Load Balancing in Strongly Inhomogeneous Simulations -- a Vlasiator Case Study
Leo Kotipalo, Markus Battarbee, Yann Pfau-Kempf, Vertti Tarvus, Minna Palmroth
TL;DR
The paper addresses load balancing in strongly inhomogeneous, large-scale Vlasiator simulations by comparing graph/hypergraph partitioning (PHG), recursive bisection (RCB/RIB), and Hilbert space-filling curves (HSFC). It shows that HSFC, particularly with the Beta curve, yields superior spatial locality and overall performance, outperforming PHG, RCB, and RIB across two test scales.

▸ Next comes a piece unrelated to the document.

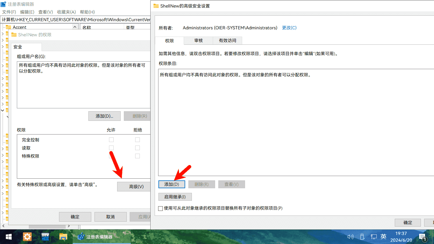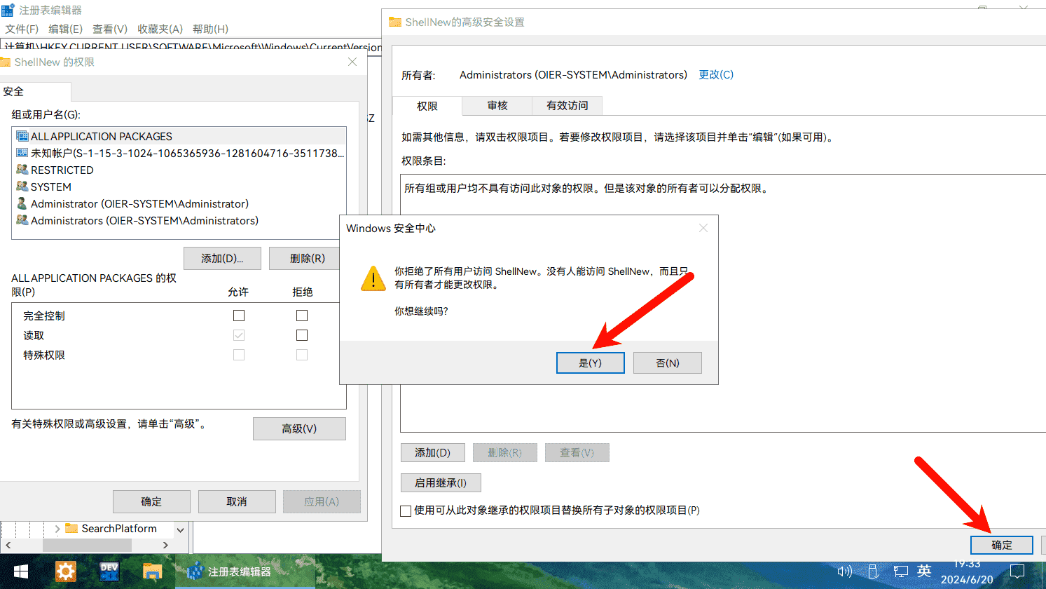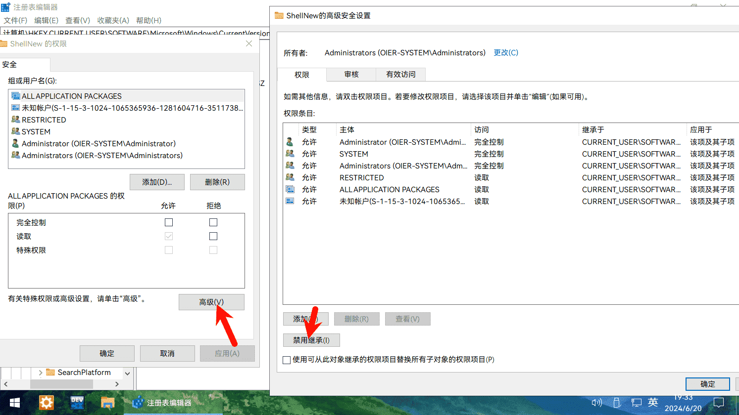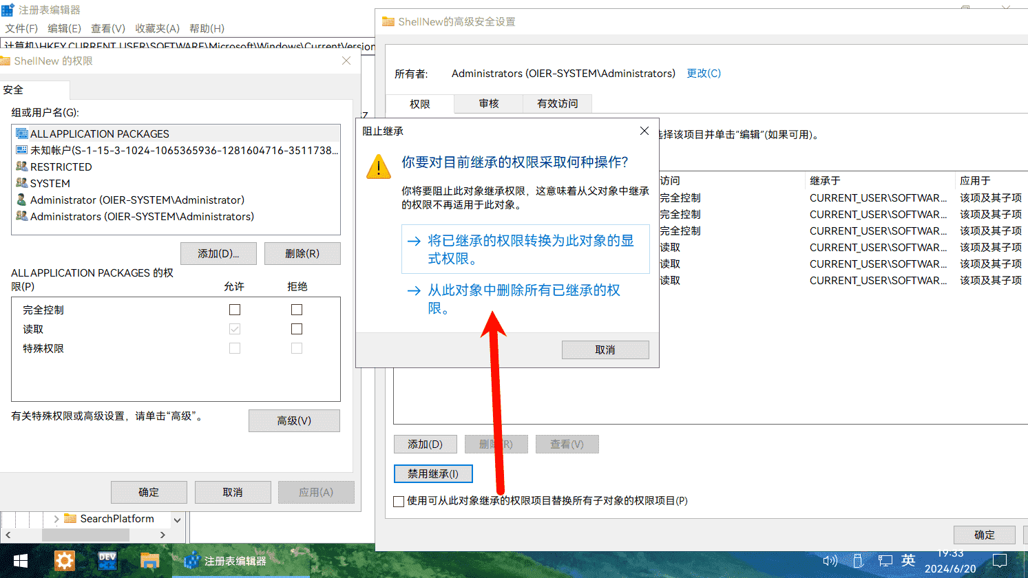 你刚刚做出的修改可能会被系统修改回去。为此需要禁用继承。

The study includes detailed methodology on two runs, extensive trials, and analysis of memory and communication costs, establishing HSFC as the preferred strategy for Vlasiator-like workloads. These findings offer practical guidance for balancing complex, adaptive-grid astrophysical simulations on modern HPC systems, where communication overhead and ghost-domain proliferation are critical constraints.
Abstract
Parallelization is a necessity for large-scale simulations due to the amount of data processed. In this article we investigate different load balancing methods using Vlasiator, a global magnetospheric simulation as our case study. The theoretical basis for load balancing is the (hyper)graph partitioning problem, modeling simulation units as vertices and their data dependencies as edges. As it is an NP-hard problem, heuristics are necessary for dynamic runtime balancing. We consider first hypergraph partitioning via an algorithm called parallel hypergraph partitioner (PHG); this is done by partitioning a simplified grid and then attempting to optimize the solution on the finer grid. The second and third are the geometric methods of recursive coordinate bisection (RCB) and recursive inertial bisection (RIB). Finally we consider the method of Hilbert space filling curves (HSFC). The algorithm projects simulation cells along a Hilbert curve and makes cuts along the curve. This works well due to the excellent locality of Hilbert curves, and can be optimized further by choice of curve. We introduce and investigate six three-dimensional Hilbert curves in total. Our findings on runs of two different scales indicate the HSFC method provides optimal load balance, followed by RIB and PHG methods and finally by RCB. Of the Hilbert curves evaluated, the Beta curve outperformed the most commonly used curve by a few percent.